Dataset content section start

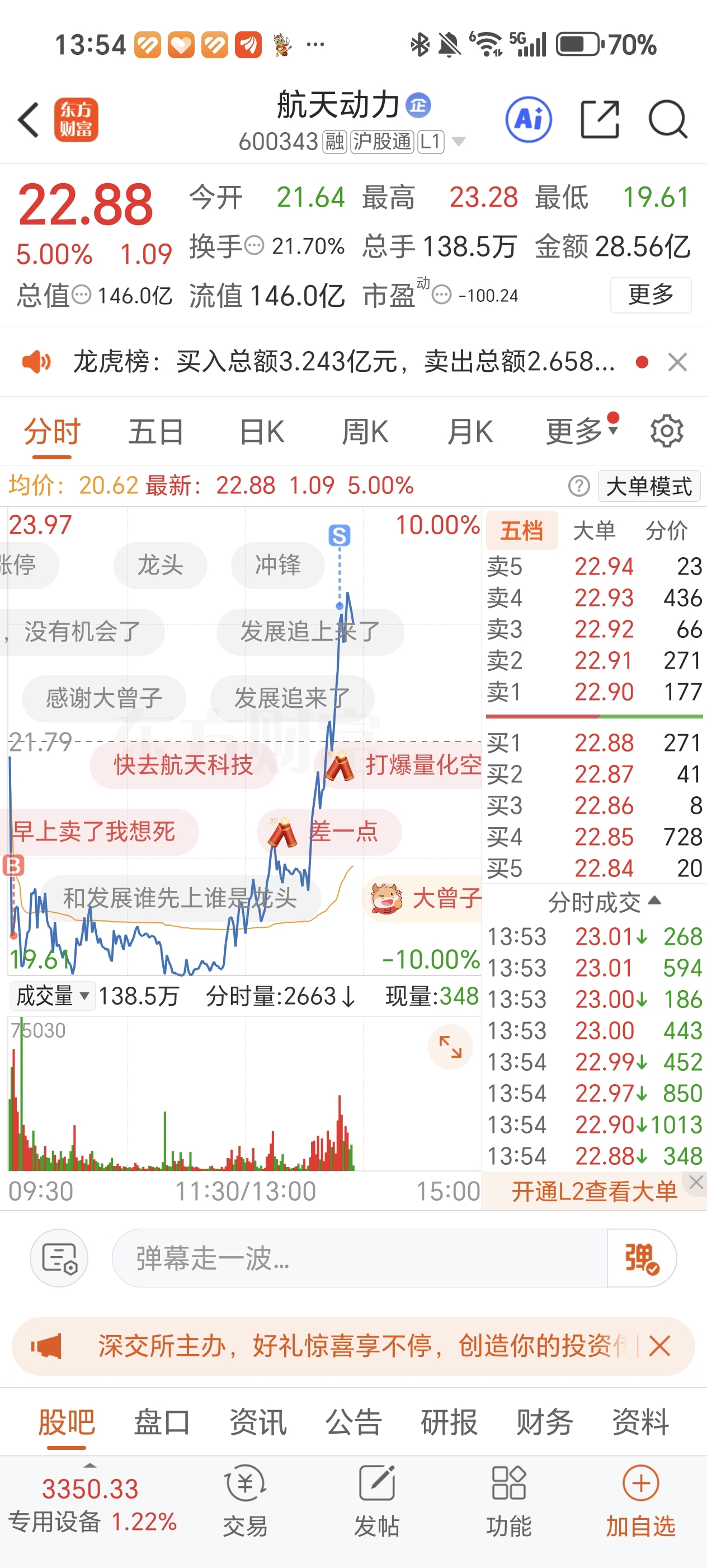 $航天动力(SH600343)$ 不枉一天的蹲守
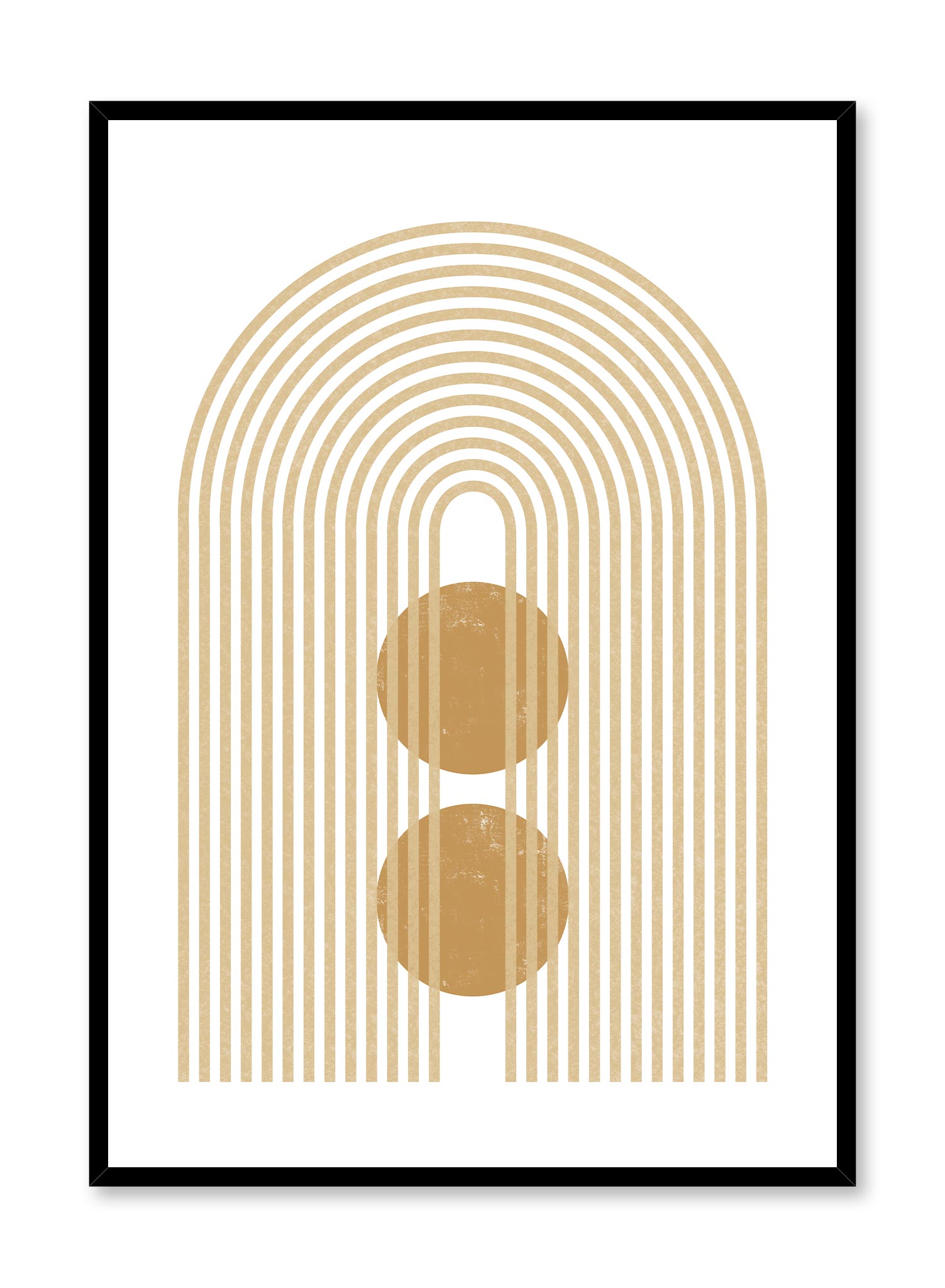 Are we being hypnotized or simply obsessed with this cool geometric design? The ‘Mesmerizing Archway’ poster proves that statement pieces can be simple. We love this print’s striped arch and the mustard-yellow circle accents. A crisp white background lets this poster’s minimalist composition shine.
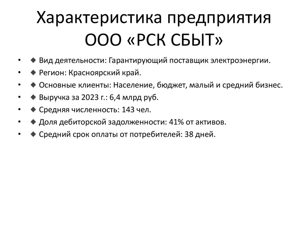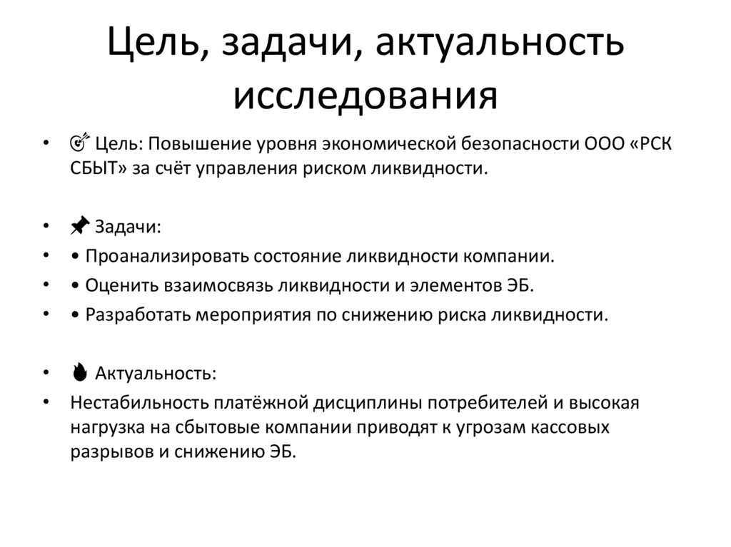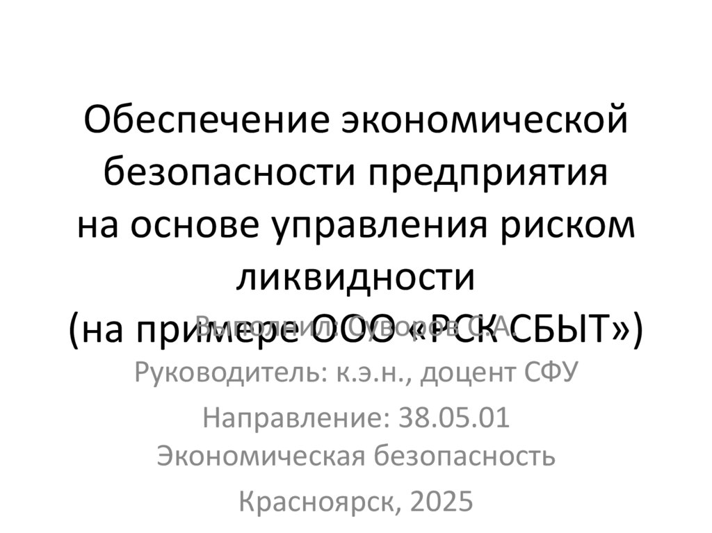 Обеспечение экономической безопасности предприятия на основе управления риском ликвидности (на примере ООО «РСК СБЫТ»)
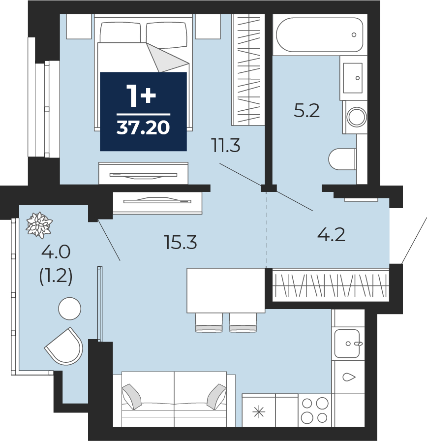 Продается 1-комн. квартира с предчистовой отделкой в ЖК "Мириады" на 5 этаже. Общая площадь: 37.2 кв.м., жилая: 11.3 кв.м., площадь просторной кухни-столовой: 15.3 кв.м. Все окна выходят на одну сторону. В квартире одна лоджия, один совмещенный санузел. Высота потолков 2.7 м. Дом монолитный, трехподъездный, переменной этажности, от 14 до 16 этажей. Квартира находится во 2-й секции высотой 16 этажей в корпусе ГП-72.103. На этаже 6 квартир. В подъезде 1 пассажирский и 1 грузовой лифт. Окончание строительства - 1 квартал 2026 года. Оформление сделки по договору долевого участия. Вселенная бесконечных историй. Ранее невиданный Тюмени масштаб: территория 240 гектаров и 1 650 000 м² застройки. Мириады – это город масштабных перемен и больших возможностей. Город зеленых рощ и зеркальных озер. Город для работы, учебы и развлечений. Город для детей и их родителей. Город для всех и каждого. Проект расположен в районе Мыс рядом с ТРЦ «Тюмень Сити Молл» в границах улицы Тимофея Чаркова, Тобольского тракта и объездной дороги. Срок полного освоения территории - до 2034 года. (AQID02536517)
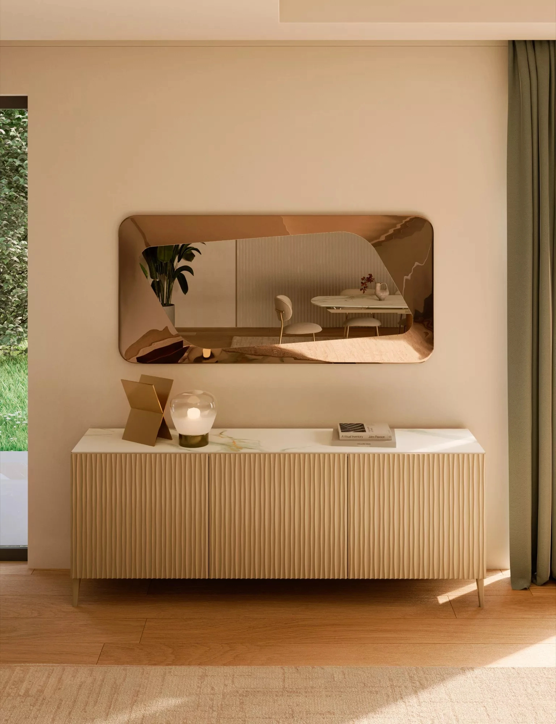 Complementi design e specchi senza cornice: ottieni informazioni sul modello Specchio Focus di Bontempi e potrai completare i tuoi interni.
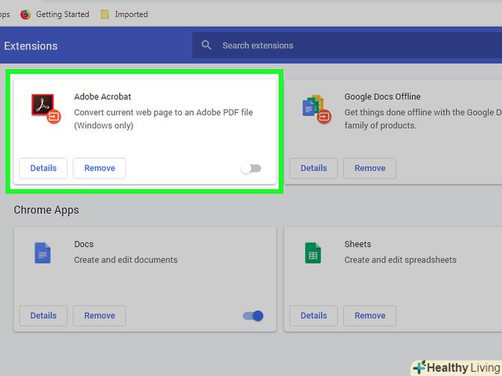 Увімкніть панель інструментів. встановіть прапорець у «включити» праворуч від панелі інструментів, а потім встановіть прапорець у «дозволити в режимі інкогніто» під панеллю інструментів, якщо хочете використовувати панель інструментів в режимі інкогніто.
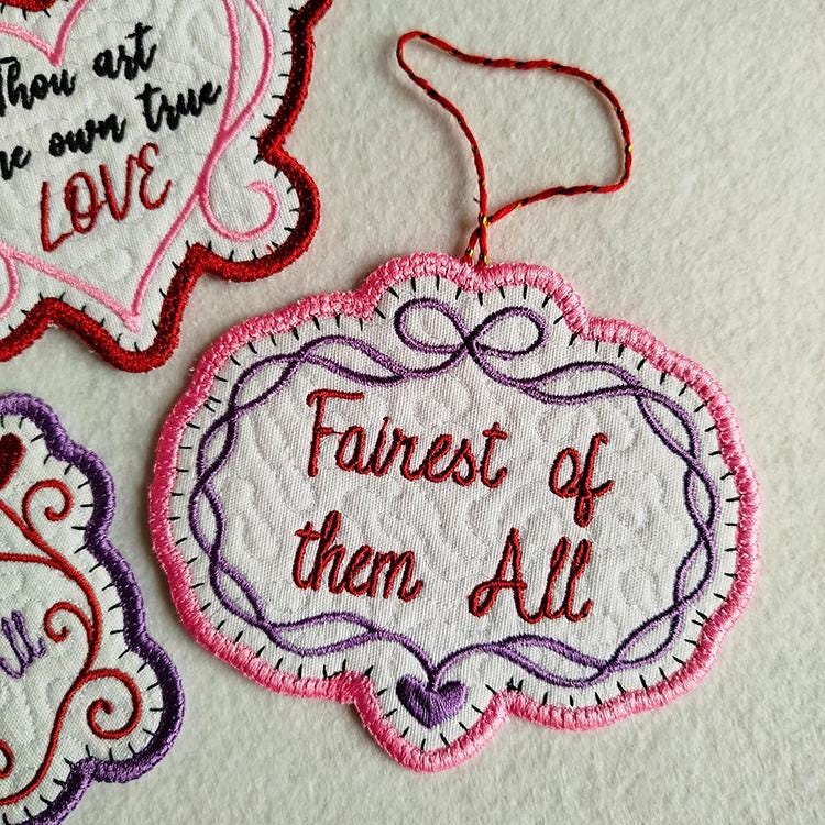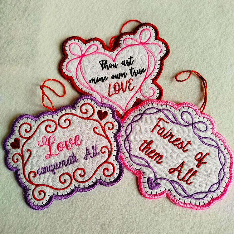 Beautiful and very romantic ornaments those are stitched completely in the hoop.

Dataset content section end

Work task:
Everything from the first line of the entries through the line that contains "Обеспечение экономической безопасности" is to be reproduced exactly, except the pictures.

Response:
 $航天动力(SH600343)$ 不枉一天的蹲守
 Are we being hypnotized or simply obsessed with this cool geometric design? The ‘Mesmerizing Archway’ poster proves that statement pieces can be simple. We love this print’s striped arch and the mustard-yellow circle accents. A crisp white background lets this poster’s minimalist composition shine.
 Обеспечение экономической безопасности предприятия на основе управления риском ликвидности (на примере ООО «РСК СБЫТ»)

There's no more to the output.